Prior to 1949, treatments for mania were limited. That year, John Cade published a paper showing the usefulness of lithium in treating patients with mania (“psychotic excitement”).

Interestingly enough, the finding was apparently a surprise to Cade. He was studying guinea pigs in order to see whether uric acid added to the convulsive toxicity of urea, but he needed to find a way to make uric acid soluble in water to be able to inject it into the guinea pigs. (Confusingly enough, urea and uric acid have almost nothing to do with one another chemically.)

For this, he used the lithium salt of urate, and was surprised to find that it was protective against the urea-induced convulsions. He then injected lithium carbonate alone into guinea pigs, and noted that after a couple of hours, they became lethargic and unresponsive to stimuli.

Skipping straight from this effect in guinea pigs (not even a disease model!! — this would never be allowed today) to humans, Cade then reports on 10 cases of patients with mania who were successfully treated with lithium, including longitudinal cases of chronic mania where the mania subsided during lithium treatment and recrudesced when lithium was discontinued.
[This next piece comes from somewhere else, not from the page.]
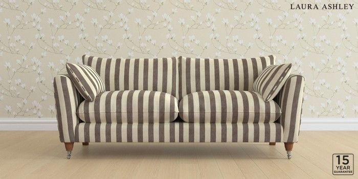 6.12.1 Buy Casterton by Laura Ashley 3 Seater Sofa Orla Stripe Dark Truffle Natural Low Chrome Castor - Teak from the Laura Ashley online shop Click here to use our website with more accessibility support, for example screen readers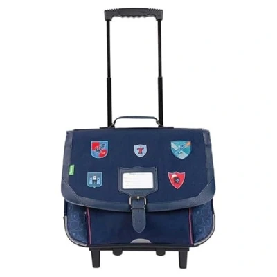 Trolley 38 cm suitable for primary school classes from CP to CE2. Heavy duty and built to last. Eco-friendly material: high-quality polyester from recycled plastic bottles. Water resistant material. Trolley equipped with 2 compartments that can accommodate 24 x 32 cm notebooks and documents in A4 format. Front zip pocket Reinforcements in corners and under the school bag. 2 x 2 wheels Reflective on the front, sides and back of the school bag Ergonomic and comfortable back and shoulder straps

Other interesting aspects of this paper:

  • Cade notes that historically, water from certain wells was associated with improvements in mental illness, and speculates that “it is very likely that their supposed efficacy was a real efficacy and directly proportional to the lithium content of the waters.”
  • Cade notes that lithium treatment “would be much preferred” to what is usually now considered the cruel treatment of prefrontal leucotomy, even though this (1949) was the year that the Nobel prize was awarded for it, and its use continued into the mid-1950s.
  • All of the cases reported on were men between ages 40 and 65 years old, indicating a total lack of evidence for generalization of the effect across more diverse patient populations.

Recent meta-analysis (2013) has shown that antipsychotics are more effective than lithium in the treatment of acute mania (e.g., the standardized mean difference in manic symptoms for haloperidol is -0.56, while for lithium it is -0.37), but lithium is still often used in combination with antipsychotics in the treatment of mania.

Overall, this short paper is among the best I’ve read in terms of scientific puzzle solving, although you could argue that Cade got lucky.

References

Cade JF. Lithium salts in the treatment of psychotic excitement. 1949. Bull World Health Organ. 2000;78(4):518-20.

Cipriani A, Barbui C, Salanti G, et al. Comparative efficacy and acceptability of antimanic drugs in acute mania: a multiple-treatments meta-analysis. Lancet. 2011;378(9799):1306-15.

Doig MT, Heyl MG, Martin DF. Lithium and mental health. J Chem Educ. 1973;50(5):343-5.